Büyük davacılardan biri daha göçtü. Berfo Ana, 105 yıllık ömründe 33 yıl gece gündüz hak aradı. Oğluna kavuşma hakkı, dirisine bile değil, ölüsüne. “Benim çocuğumun mezarını bana versinler. Ben de beraber gireyim.”
Aradığı sevgili oğlu Cemil Kırbayır’dı. Devletin alıp vermediği Cemil Kırbayır. O günden sonra hep konuştu. Sözüyle davasını her yere taşımaya çalıştı. Devletin her katına, toplumun her kesimine. 12 Eylül davasının gerçek savcısı oydu, gerçek iddianamesinden ağır bir bölümdü onun elindeki. Diğer gerçek iddianame yazarlarıyla, içlerinden biri olduğu Cumartesi Anneleri’yle aynı dirayetin sahibiydi.
* *
Firik dede bir Dersim ulusuydu. O 2007 yılında göçtü gitti. O da uzun yaşadı, 106 yıl. 12 Eylül sonrasında iki oğlununu kulaksız yüzbaşı nam asker alıp ormana götürdü. Ağır işkenceler yaptı. En çok küçüğüne. Ağabeyini konuşturmak için. Ayaklarını yaktı. Ve kurşuna dizdi.

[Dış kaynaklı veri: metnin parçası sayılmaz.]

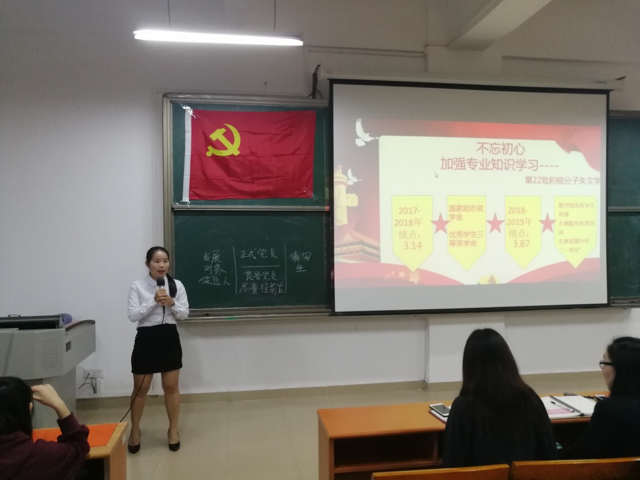积极分子朱文学表示不忘初心,坚持追梦。她认为做一名合格的党员不仅要加强自身的修养,还要不断加强专业知识的学习。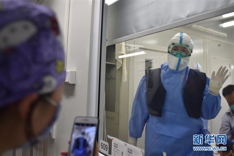 6月19日,在北京地壇醫(yī)院隔離病房內(nèi),護士穿上同事送來的降溫馬甲后,向同事打招呼感謝。新華社記者彭子洋攝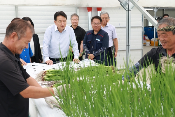 김영환 충북도지사, 보은군 양념채소 스마트팜 첫 수확 현장 방문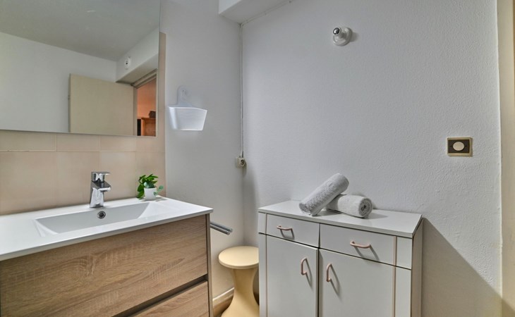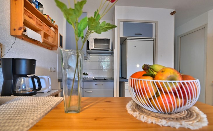 Residentie "l'Oasis", van 4 verdiepingen, omgeven door bomen. In de plaats, 5 km van het centrum van Dolus d'Oleron, 800 m van de bosrand, 1.2 km van zee, 1.2 km van het strand. Voor medegebruik: terrein (omheind), planten en bomen, openluchtzwembad hoekig omheind (6 x 12 m, 72 m2, 185 cm diepte, seizoensgebonden beschikbaarheid: 01.Jun. - 15.Sep.). Buitendouche, tennisbaan (2 x hard court), jeu de boules. In het complex: parkeerplaats. Winkel 5 km, levensmiddelenwinkel 5 km, supermarkt 4 km, winkelcentrum 4 km, restaurant 4 km, bar 4 km, bakkerij 4 km, bushalte"Les Chasseries" (Dolus)" 4 km, station "Rochefort sur mer" 40 km, zandstrand "plage de vert-bois" 1.2 km. Jachthaven 7 km, golfterrein (9 holes) 9 km, surfschool 1.2 km, zeilschool 4 km. Attracties in de buurt: Centre aquatique iléo 5 km, phare de Chassiron 25 km, port de la cotinière 7 km, corderie royale rochefort 39 km, la rochelle 76 km. Auto noodzakelijk.

Ağabeyinin sırtına yükleyip eve yolladı. Firik dede o günden sonra hiç konuşmadı. Gülmedi. Sakalını kesmedi. Sadece deyişlerini söyledi. “Sırrımızdır” deyip derlemecilere vermediği deyişler.
Firik dedenin kararlı sessizliğiyle Berfo Ana’nın kararlı konuşkanlığı aynı acının, aynı davanın iki farklı tezahür tarzıydı. Biri bulamadığı mezarın davasını, çağrısını yaymaya çalıştı sözüyle her yana ahir ömründe. Biri eliyle açtığı mezarın başında sessizce gözyaşı döktü. Ne Firik Dede’nin davası bir sonuca erdi, ne Berfo Ana’nın.
Firik dede kendi acılı tevekkülüyle şöyle söyledi, “sırdır” dediği deyişlerden biriyle:
“Hiç yoktur namusu arı dünyanın.”
* *
Berfo ana dünya adaletine güvensizliğini, yargılanırken görmek istediği Kenan Evren’i beddualarıyla tanrısına havale ederek ortaya koydu. Bir de yük yükledi kalanlara, onun ardından yas pozlarıyla vicdan temizlemek isteyenlere: “Cemil’i bulmadan ölürsem beni gömmeyin.”
Berfo ana da artık sustu. Çağrısı sustu mu? Davası? Bir dava, bir çağrıdır. Bir ses. Bir davet. Bir kayıp davasıydı onunki.
Kayıp oğlunu bulamadı ama davasını kaybeden o değildi. Devlete karşı hepimizin kaybettiğini gösterdi. Devletin hep güçlü, bizim hep güçsüz olduğumuzu. Kimsenin kaybolmayacağı hukukun peşine düşmeyerek. O hukukun peşine düşenleri yalnız bırakarak.
O Hak’kına yürüdü. Bizi haksızlığımızla baş başa bırakarak.
* *
Berfo Ana ve Firik dedenin öykülerinde, bugün aradığımız barışın şifreleri var. Barışın neden gelmediğinin şifreleri. Mevcut kanun uygulayıcılarımız, bu öykülerin kanlı yazarlarını, 12 Eylül’ün faillerini “insanlığa karşı suç”tan yargılamaktan kaçındılar. İnsana, insanlığa, topluma karşı kolayca suç işlenebilen bir yerde olmadığımıza iki türlü inanabiliriz. Her şeyi unutup, içinde hak olmayan adalete razı olarak. İnsanlığa karşı suçların faillerini mahkum edip, sistemi deşifre edip, suçun kendisini lanetleyip, aşarak. Faili koruyan hukuktan mağduru koruyan hukuka giden yolu aşarak.